*** Opening of Material for the task ***
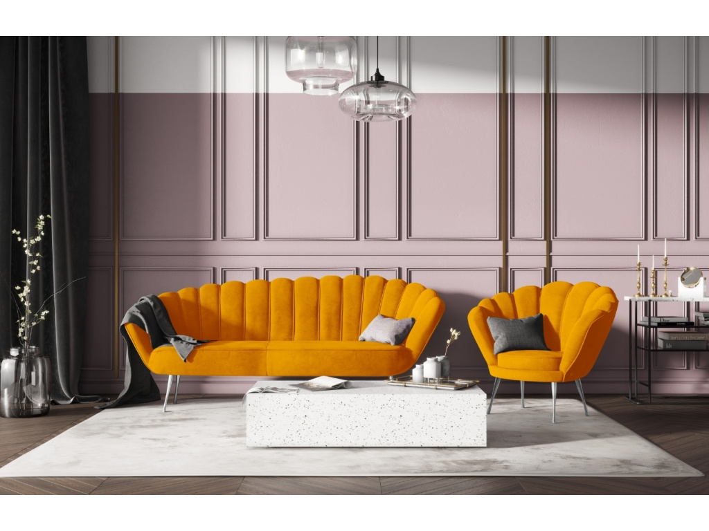 Třímístná pohovka Kingston značky Cosmopolitan Design se vyznačuje jemným prošíváním, které jí dodává elegantní a vzdušný vzhled. Jemně lesklé sametové čalounění v oranžovém odstínu je hebké a příjemné na dotek. Tkanina je velmi odolná proti oděru a absorpci tekutin, čímž zaručí dlouhodobé používání bez známek opotřebení. Celkový design pohovky doplňuje stříbrná kovová podnož. Pro dokonale sladěný sedací kout doporučujeme doplnit pohovku o křeslo ze stejnojmenné série. Pohovka je dostupná v 11 barevných provedeních, od šedých tónů až po výrazné a pestré barvy. Užijte si pohodlí a styl v jednom!
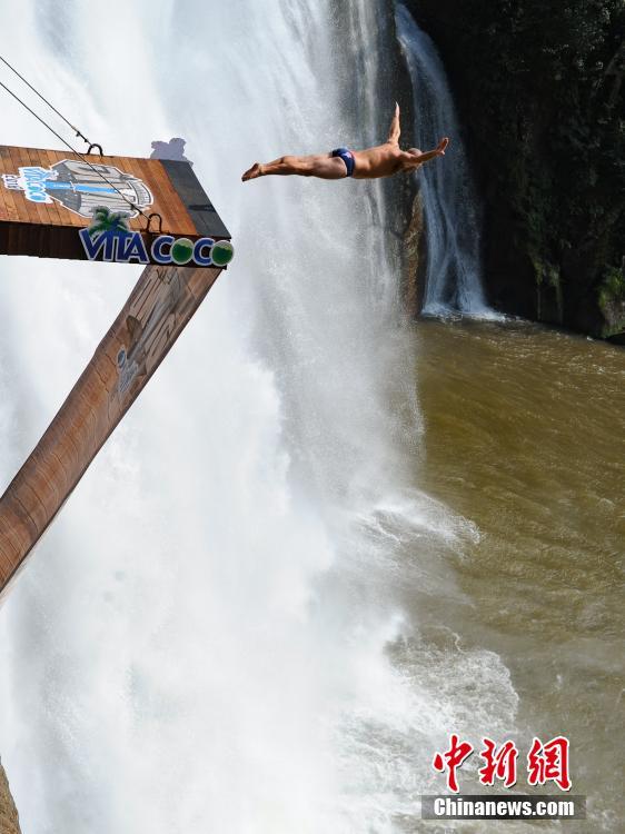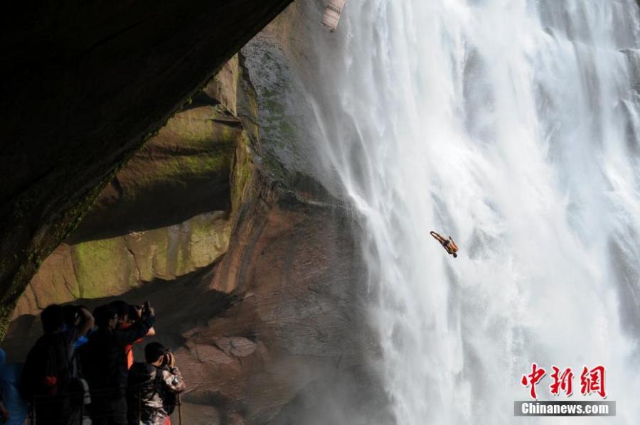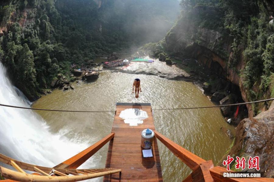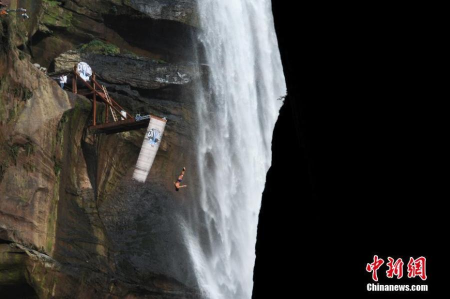 A diver jumps from a 27-meter high platform at the Chishui fall in southwest China's Guizhou Province. An extreme diving competition was held in Guizhou on Oct. 22, 2016. Twelve divers from 10 countries attended this competition. (Photo/China News Service)
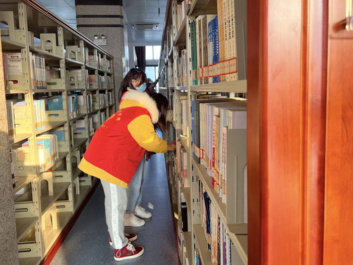 活动中,经过图书馆老师简单培训后,同学们分组行动,相互配合,各司其职,将凌乱的书籍按照要求重新整理摆放,志愿者们还将柜台上不同编号的图书按照类别找到对应的书架,将其归位,确保广大读者能高效便捷地查找借阅图书。
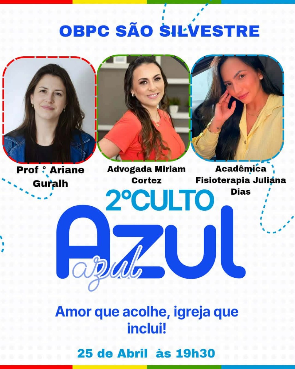 NA OBPC DA SÃO SILVESTRE, O 2º CULTO AZUL, NO DIA 25!
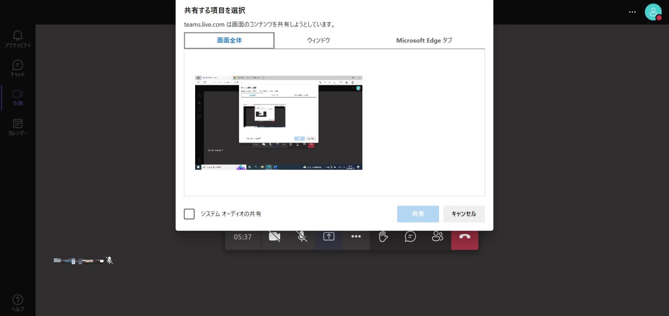 Web版Teamsの画面共有について解説します。
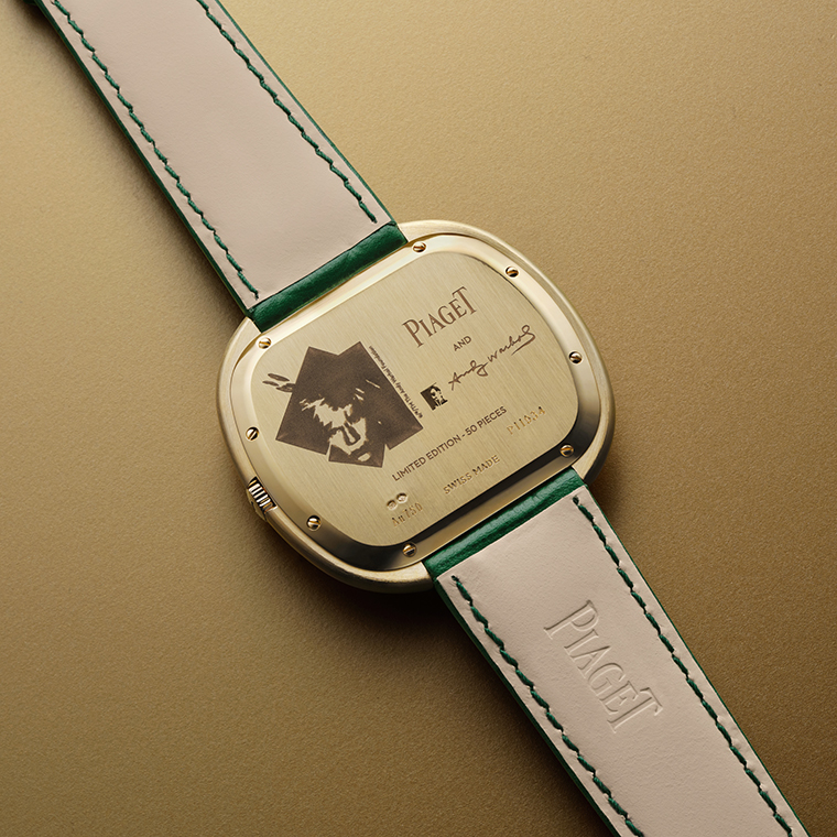 หน้าปัดล้อมกรอบด้วยตัวเรือนเยลโลว์โกลด์ 18 กะรัต ขนาด 45 มม. ขอบตัวเรือนดีไซน์แบบขั้นบันได และจับคู่กับสายหนังสีเขียวเข้มที่ให้ความรู้สึกหรูหราแต่ไม่แย่งความสนใจไปจากหน้าปัดได้ เมื่อพลิกมาที่ด้านหลังตัวเรือนจะพบกับการตกแต่งด้วยการขัดลายซาตินแนวตั้ง ซึ่งปกป้องกลไกที่อยู่ภายใน อย่าง กลไกอัตโนมัติ Calibre 501P1 ที่ผลิตขึ้นภายในโรงงานของ Piaget เอง มอบสำรองลานยาวนาน 40 ชั่วโมง พร้อมการตกแต่งลาย Côtes de Genève อันประณีต เหนือสิ่งอื่นใด ที่ฝาหลังยังปรากฏภาพสลักใบหน้าของ Andy Warhol จากภาพถ่ายพอร์เทรตของกล้องโพลารอยด์อันเป็นต้นแบบแห่งแรงบันดาลใจในการสร้างสรรค์นาฬิกาเรือนนี้ พร้อมด้วยโลโก้ Piaget และลายเซ็นของศิลปินผู้ยิ่งใหญ่ และนี่คืออีกชิ้นงานที่รังสรรค์ขึ้นเพื่อตอบโจทย์ผู้ที่แสวงหาเรือนเวลาอันทรงคุณค่าและควรค่าแก่การสะสม
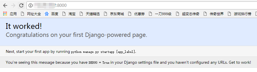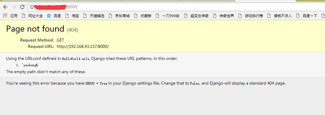 2:如果出现“dango error:DisallowedHost: Invalid HTTP_HOST header: ''. You may need to add u'' to ALLOWED_HOST”错误,就修改settings.py文件中
*** Close of Material for the task ***
Task description >>
If a picture sits between the line containing "A diver jumps" and the line containing "活动中,经过图书馆老师简单培", leave it out, and return the lines of that range above exactly, both ends included.

Solution for this exercise >>
 A diver jumps from a 27-meter high platform at the Chishui fall in southwest China's Guizhou Province. An extreme diving competition was held in Guizhou on Oct. 22, 2016. Twelve divers from 10 countries attended this competition. (Photo/China News Service)
 活动中,经过图书馆老师简单培训后,同学们分组行动,相互配合,各司其职,将凌乱的书籍按照要求重新整理摆放,志愿者们还将柜台上不同编号的图书按照类别找到对应的书架,将其归位,确保广大读者能高效便捷地查找借阅图书。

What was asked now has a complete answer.